Les véhicules utilitaires lourds émettent beaucoup de pollution atmosphérique. L'EPA peut changer cela.
Au printemps dernier, l'Agence de protection de l'environnement (EPA) a proposé une réglementation en vertu de la loi sur la qualité de l'air (Clean Air Act) visant à limiter les émissions de gaz à effet de serre (GES) des véhicules utilitaires lourds (VUL). La proposition de règlement fixe des normes pour les années modèles 2027-2032 et couvre les émissions de GES d'une variété de VLD, y compris les véhicules professionnels lourds (par exemple, les camions de livraison et les bus scolaires) et les camions à semi-remorque.
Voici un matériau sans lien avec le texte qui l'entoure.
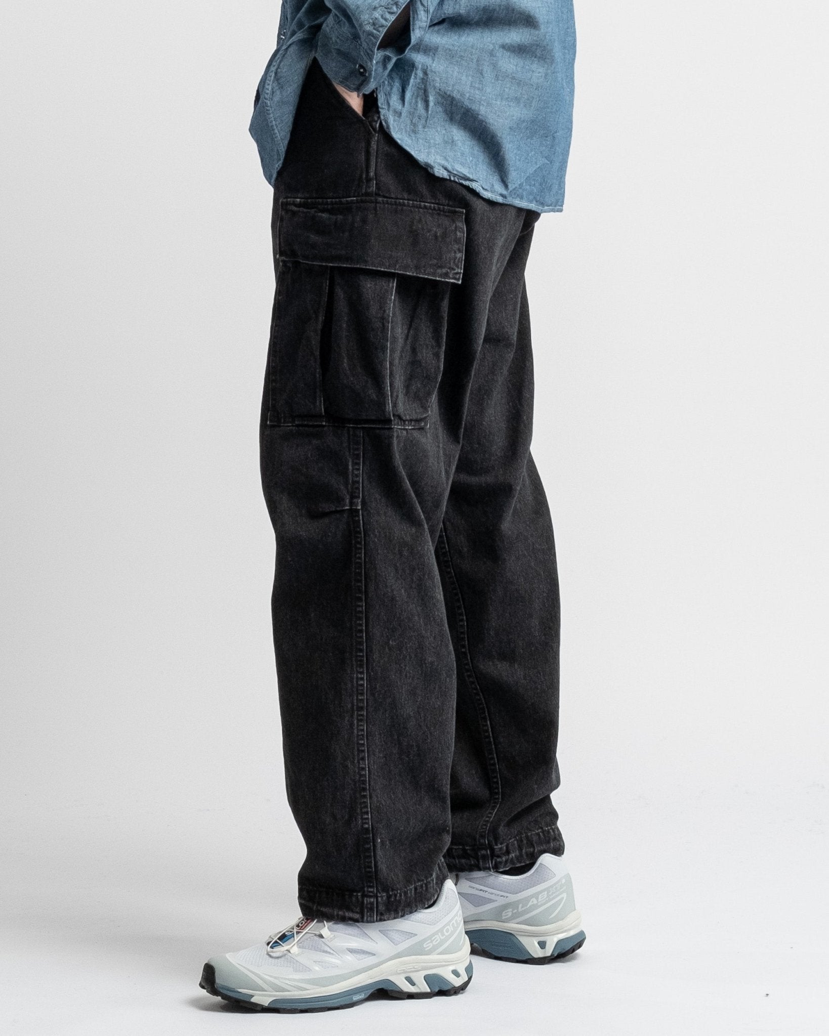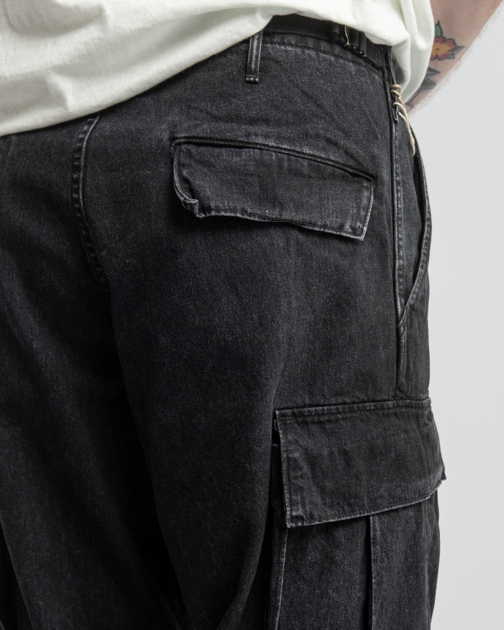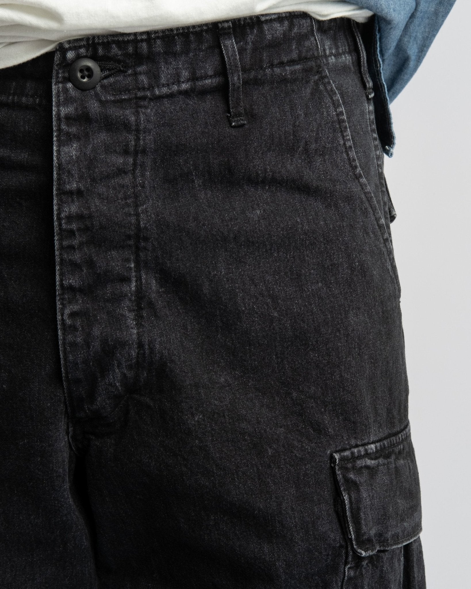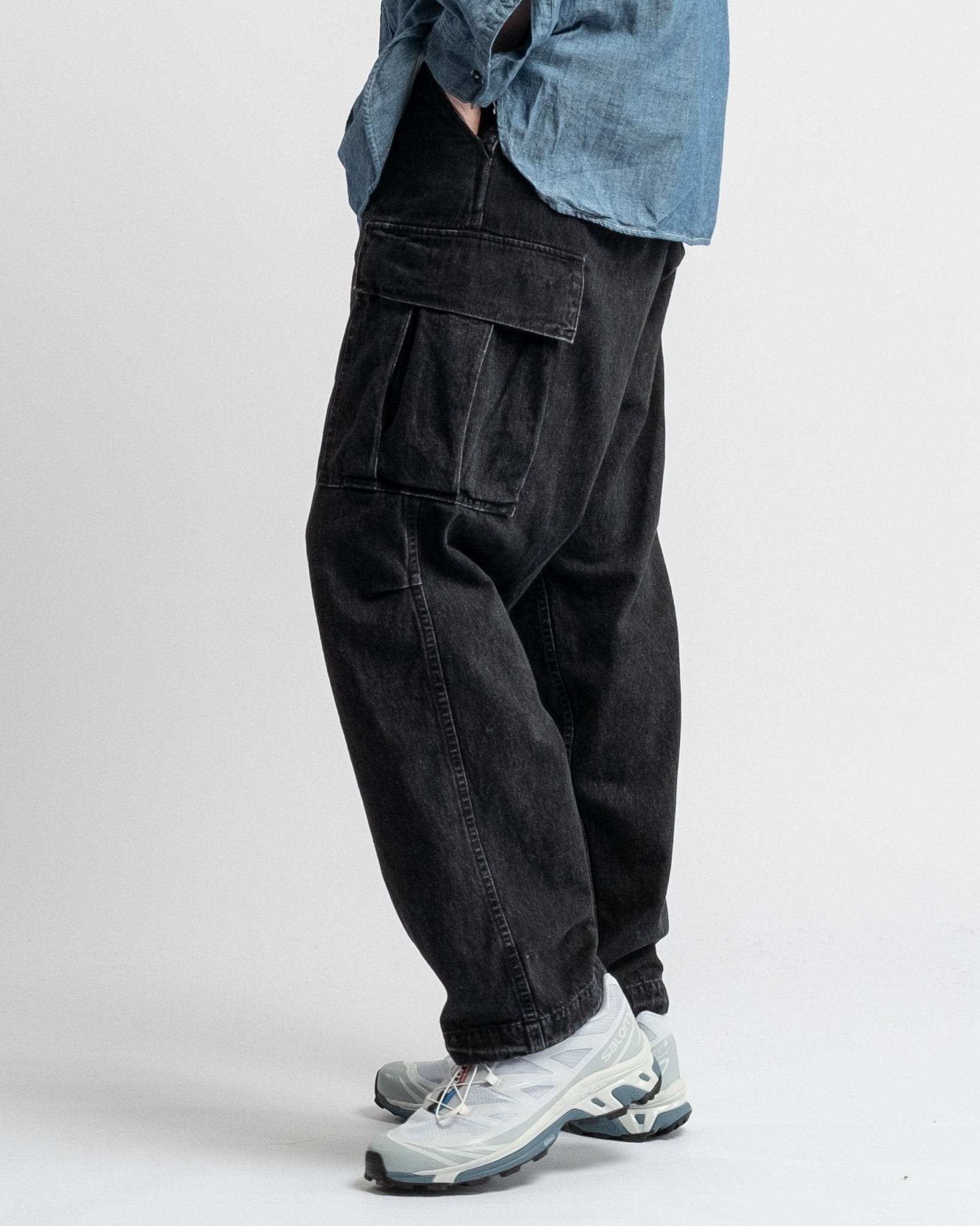 Pantaloni cargo in denim nero lavato a pietra con 6 tasche in stile vintage dell'esercito americano di orSlow. Realizzati in denim giapponese da 10 oz lavato a pietra. Vita medio alta e vestibilità rilassata vintage. Dotati di due grandi tasche laterali, due tasche laterali regolari, due tasche posteriori e cintura elastica con coulisse regolabile. Prodotto in Giappone.
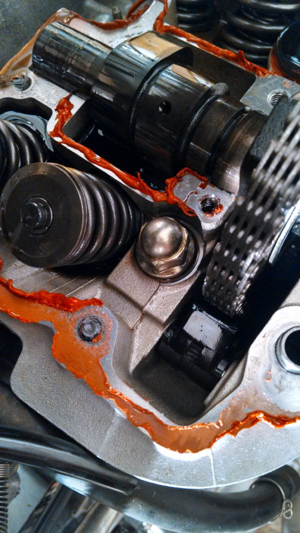 Be a little neater with your sealant.....you only need a thin coating that seals the joint....with almost nothing squeezing out. And don't put it where it has not been squashed out....there is nothing to be sealed along the cam. Why don't you use black or silver sealant so that it looks like a factory job.....nothing screams "repaired" more than orange sealer squeezing out the joints. You can take a rag soaked with solvent and clean whatever squeezes out of the joint...the sealing is at the joint surface - not by what oozes out the joint.
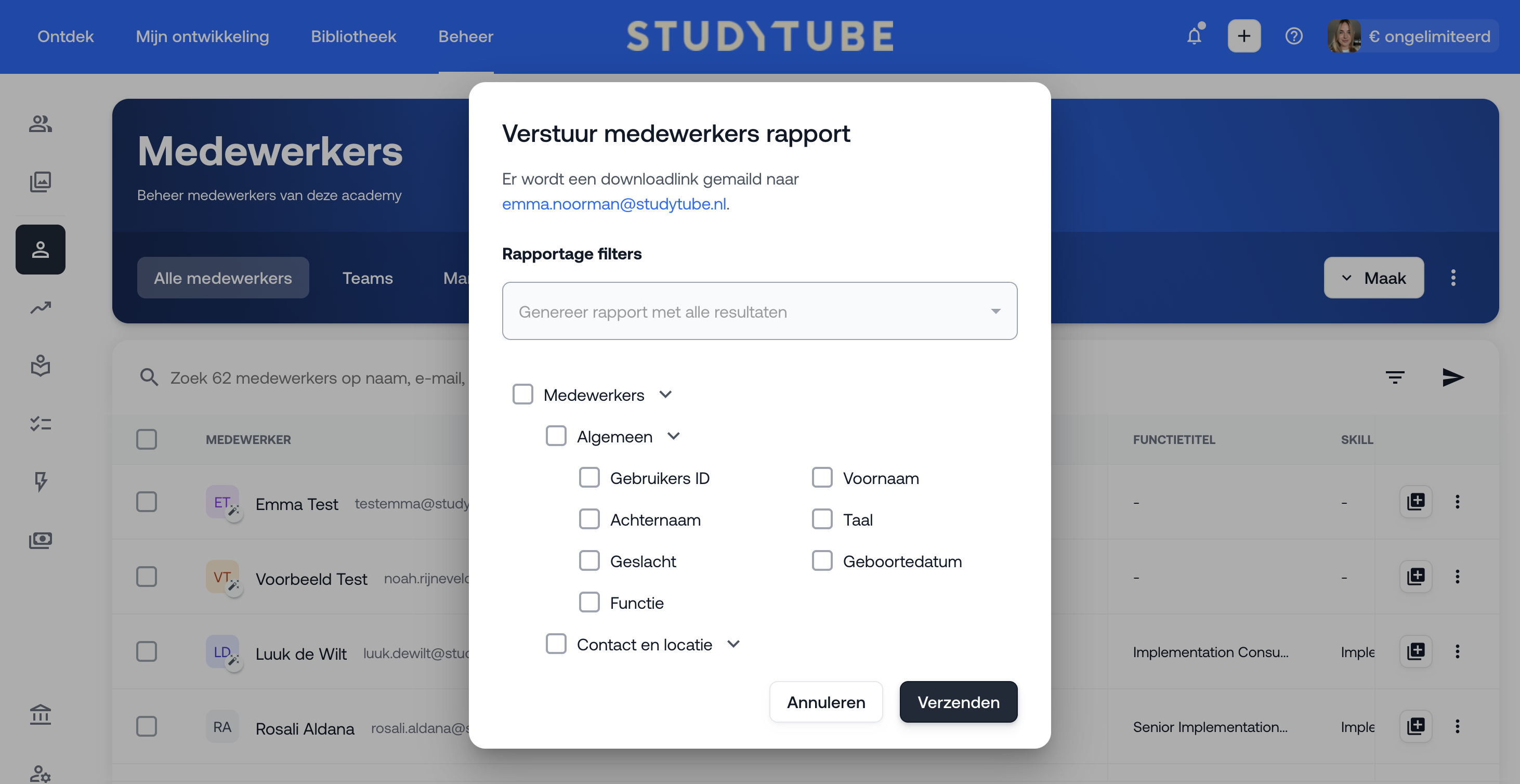 Je ontvangt vervolgens een CSV-bestand met de huidige budgetten per e-mail.

L'EPA avait initialement prévu de publier sa règle finale de la phase 3 à la fin de l'année dernière, mais elle a depuis retardé sa publication.
Le marché des poids lourds se prépare déjà à la décarbonisation, et un grand nombre de programmes fédéraux et nationaux soutiendront le transport routier zéro émission et la construction d'infrastructures. Il est essentiel que l'EPA maintienne le secteur des véhicules utilitaires lourds sur la bonne voie et publie une règle finale solide dès que possible.
Des normes strictes pour les véhicules utilitaires lourds sont nécessaires pour améliorer la santé publique et lutter contre le changement climatique
L'EPA doit finaliser des normes strictes pour les véhicules utilitaires lourds afin de protéger la santé publique et de respecter les engagements de l'administration Biden en matière de justice environnementale. Les véhicules lourds émettent des gaz à effet de serre et d'autres polluants atmosphériques dangereux, tels que les particules, les oxydes d'azote (NOx) et les composés organiques volatils (ces deux derniers étant des précurseurs de l'ozone). Bien que les véhicules moyens et lourds ne représentent qu'une petite partie des véhicules routiers aux États-Unis, ils génèrent "59 % des émissions de NOx formant de l'ozone et des particules et 55 % de la pollution par les particules".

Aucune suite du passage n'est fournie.